(AIM OF THE EXERCISE): The full listing, word for word and free of images, is the expected result.

(RAW DATA):
:::::

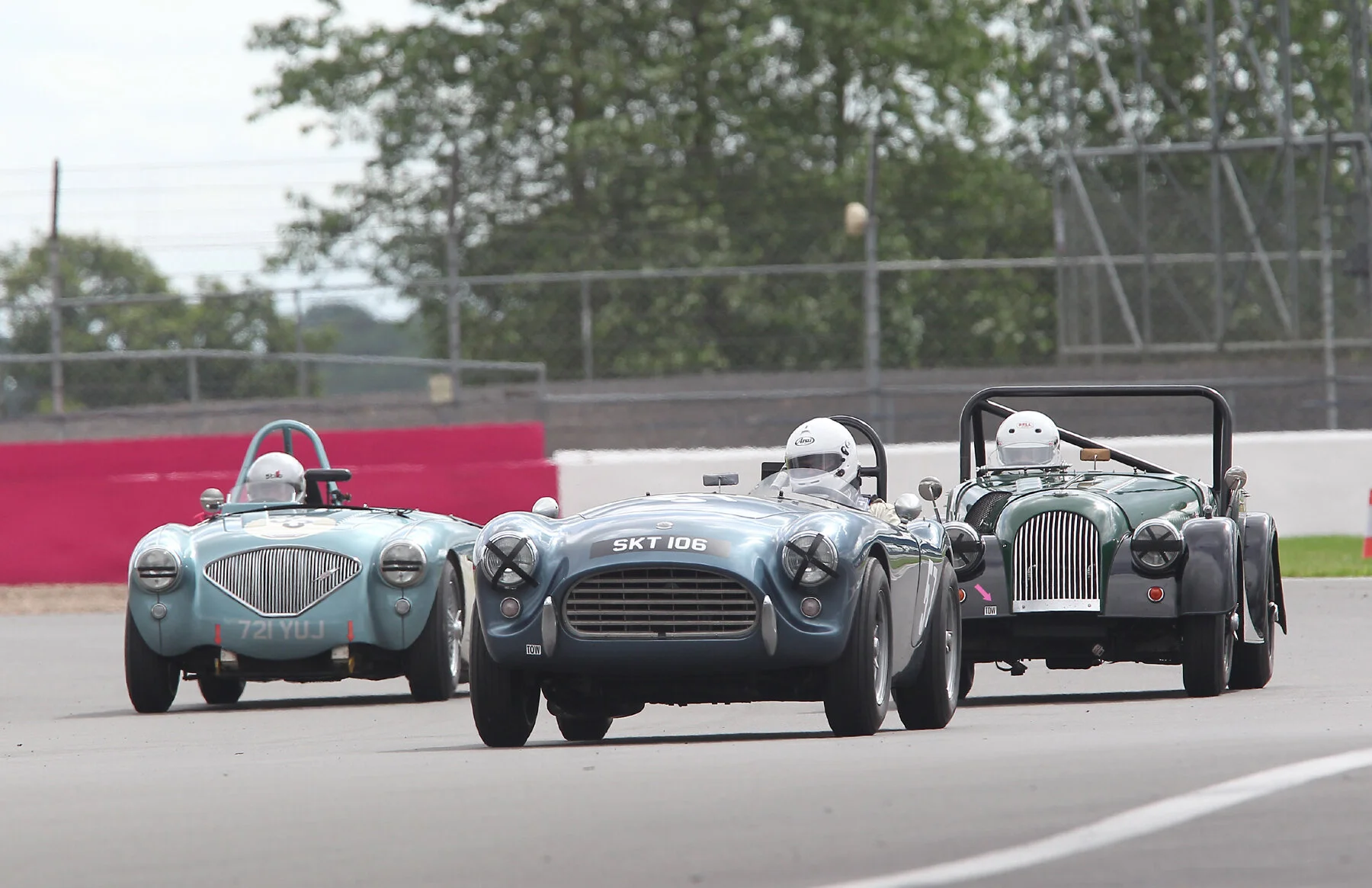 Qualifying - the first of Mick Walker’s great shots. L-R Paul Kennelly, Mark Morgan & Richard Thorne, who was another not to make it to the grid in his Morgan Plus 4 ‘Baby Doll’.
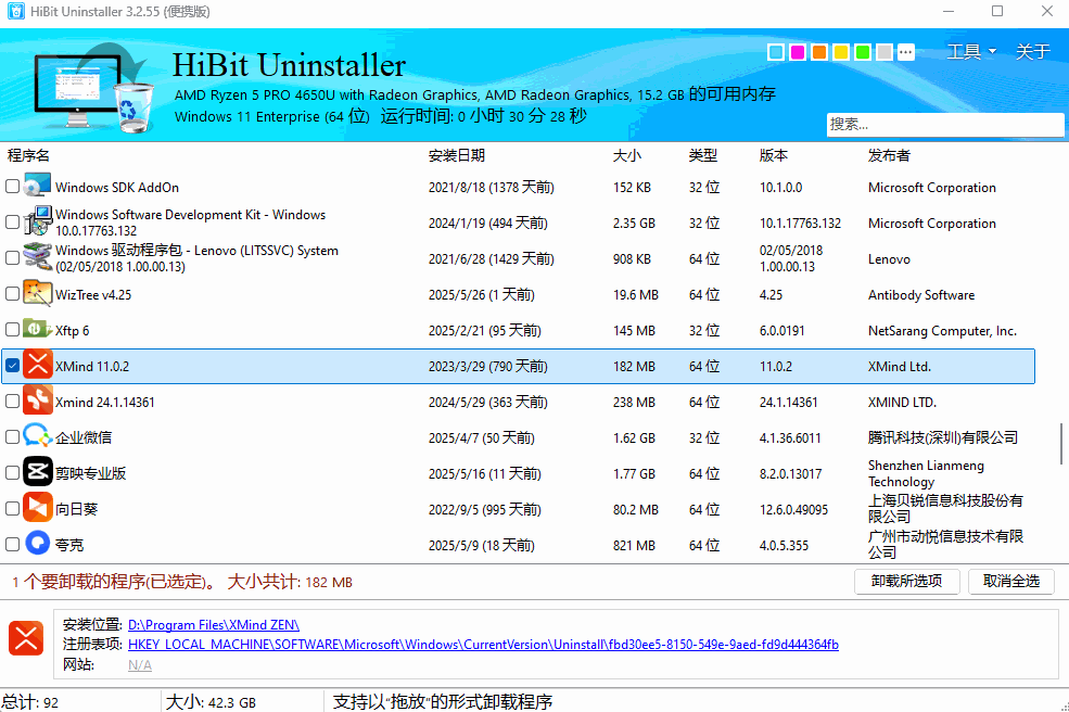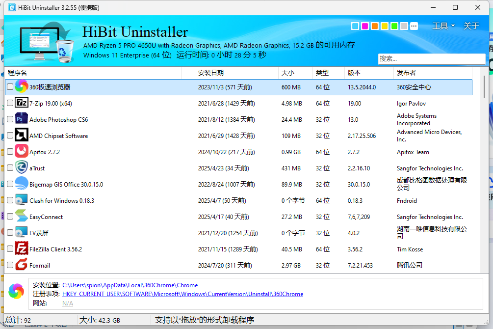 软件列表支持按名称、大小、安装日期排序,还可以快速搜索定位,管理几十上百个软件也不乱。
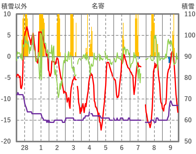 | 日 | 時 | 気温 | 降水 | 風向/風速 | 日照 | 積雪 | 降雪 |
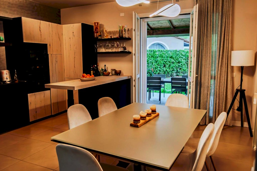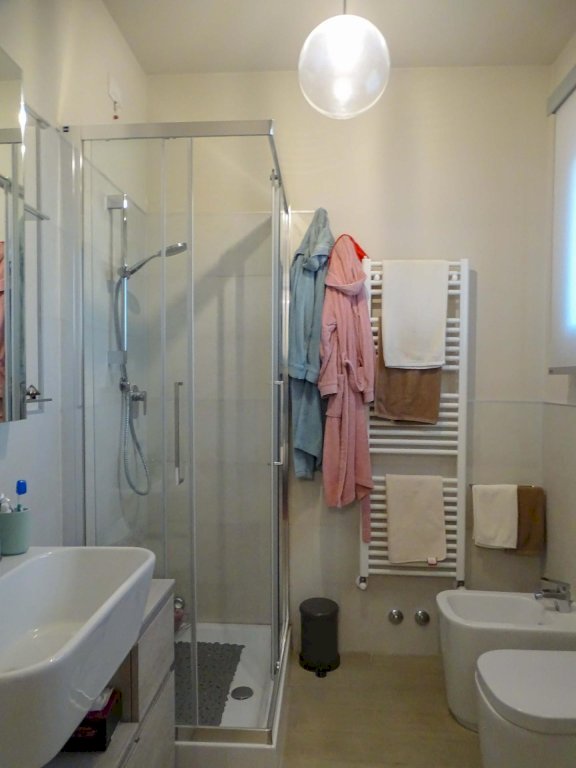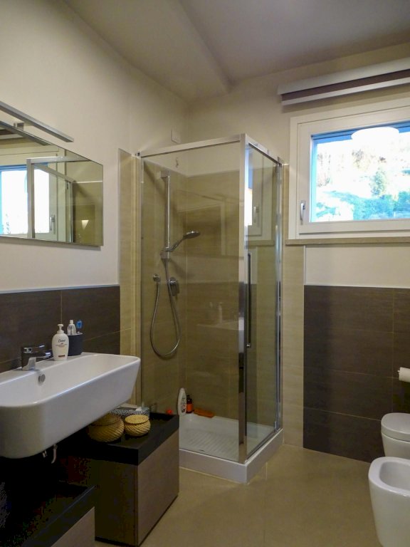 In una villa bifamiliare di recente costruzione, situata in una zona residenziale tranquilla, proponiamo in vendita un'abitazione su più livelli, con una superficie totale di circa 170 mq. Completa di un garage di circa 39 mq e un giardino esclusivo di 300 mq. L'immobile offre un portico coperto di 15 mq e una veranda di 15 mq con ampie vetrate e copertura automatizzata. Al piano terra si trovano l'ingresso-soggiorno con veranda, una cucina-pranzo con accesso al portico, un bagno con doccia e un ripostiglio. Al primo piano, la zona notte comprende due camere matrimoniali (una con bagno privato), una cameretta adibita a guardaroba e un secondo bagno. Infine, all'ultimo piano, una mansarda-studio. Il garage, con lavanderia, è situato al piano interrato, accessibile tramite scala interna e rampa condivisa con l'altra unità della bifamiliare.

:::::

(WRITTEN SOLUTION):
 Qualifying - the first of Mick Walker’s great shots. L-R Paul Kennelly, Mark Morgan & Richard Thorne, who was another not to make it to the grid in his Morgan Plus 4 ‘Baby Doll’.
 软件列表支持按名称、大小、安装日期排序,还可以快速搜索定位,管理几十上百个软件也不乱。
 | 日 | 時 | 気温 | 降水 | 風向/風速 | 日照 | 積雪 | 降雪 |
 In una villa bifamiliare di recente costruzione, situata in una zona residenziale tranquilla, proponiamo in vendita un'abitazione su più livelli, con una superficie totale di circa 170 mq. Completa di un garage di circa 39 mq e un giardino esclusivo di 300 mq. L'immobile offre un portico coperto di 15 mq e una veranda di 15 mq con ampie vetrate e copertura automatizzata. Al piano terra si trovano l'ingresso-soggiorno con veranda, una cucina-pranzo con accesso al portico, un bagno con doccia e un ripostiglio. Al primo piano, la zona notte comprende due camere matrimoniali (una con bagno privato), una cameretta adibita a guardaroba e un secondo bagno. Infine, all'ultimo piano, una mansarda-studio. Il garage, con lavanderia, è situato al piano interrato, accessibile tramite scala interna e rampa condivisa con l'altra unità della bifamiliare.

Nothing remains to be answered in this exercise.